Did the Chinese Invent Money?
In the Introduction to this book, first published in English in 2010, I wrote: “The idea of sound money was present from the very beginning of modern monetary theory in the works of the sixteenth-century Spanish Scholastics. . . .” Recent research has shown that the seeds of the theory of sound money were already present in Chinese writings centuries before the Scholastics.
China was one of the first countries to develop a metallic money that was valued and exchanged by weight. Evidence suggests that this monetary regime originated during the Shang Dynasty (1766-1122 B.C.) or the Zhou Dynasty (1122-221 B.C.). China was also one of the first countries to use precious metals as money and may have invented coined money.
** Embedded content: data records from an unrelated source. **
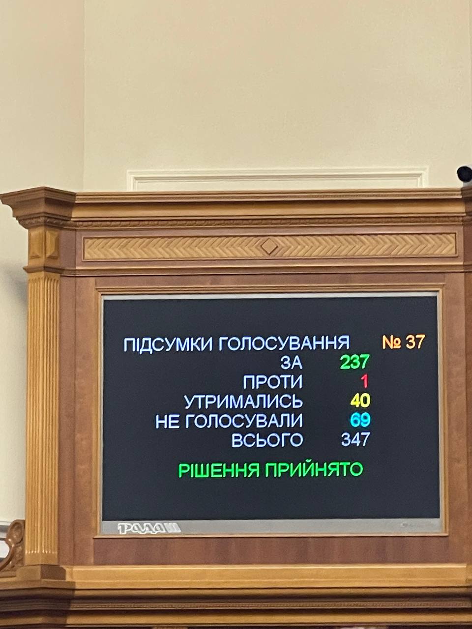 За проголосовало 237 депутатов.
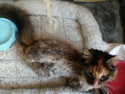 Yeah I watched her on DCIN for about 6 months before I couldn't take it anymore and had to adopt her, her previous owner wouldn't treat her or even change her diet (said she wouldn't eat canned) BS because when she got here I plopped a bowl of souped up Friskies in front of her along with her regular dry and she drove face first into the Friskies and never looked back. Although I thought she was going to eat me out of house and home those first few months because I free fed her, she was eating 4 (5.5oz) cans by herself a day. Of course her original owner also said she was just a baby at 5 years old...well maybe if you put a 1 in front of that 5...but she is no where close to 5 years old closer to 15 I'm guessing she at least acts like a very old lady. I originally adopted her because she was so young I thought she would fit well with the civies since most of them are between 3-7 years old, except for the old man that we lost to cancer this last Novemeber but she ended up being his best friend and he had just turned 18 when he past. I was pretty horrified when I held her the first time as tried to test her poor little ears. I couldn't feel anything on her but a solid mat. I had to take needlepoint scissors and a seam ripped just to clear enough space on her neck to give her first shot, she was that matted.
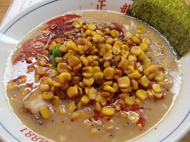 緊急事態宣言発令による昼正龍 濃厚白鶏麺 パイチーメン 焼きもろこし盛+例のラー油をトッピング
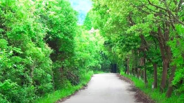 从进入太阳湖度假村开始,就能看到一条笔直的乡道。乡道的规模不大,里程有限,但沿途的基建很有意思,比如它的路基很高,两边都是巨大的行道树。行道树是清一色的槐树,枝繁叶茂,挂着小果子,撑出一块块厚重的影子。也有间隔的防撞水泥墩建在树下,每隔半米做一个区分,让哪怕是新手司机也能安然走过。曲折通幽的道路,向着北方蔓延,前面看得到零星的白云天空,还有半边建筑屋檐,似乎也有水面,似乎还有村庄,可一转身又不见了。

The long experience with a purely metallic monetary system naturally stimulated Chinese state officials, royal advisers, and philosophers to investigate and debate the origins and functioning of such a system and the policies appropriate to its smooth operation. It is therefore not surprising that China developed a rich tradition of monetary thought, which extended over nineteen centuries (roughly 700 B.C. to 1200 A.D.) This literature on monetary theory and policy embodied ideas, insights, and controversies that would appear in European writings only centuries later. In particular, some contributors to this Chinese monetary tradition formulated the conceptual foundations of the theory of sound money, the topic of the present book.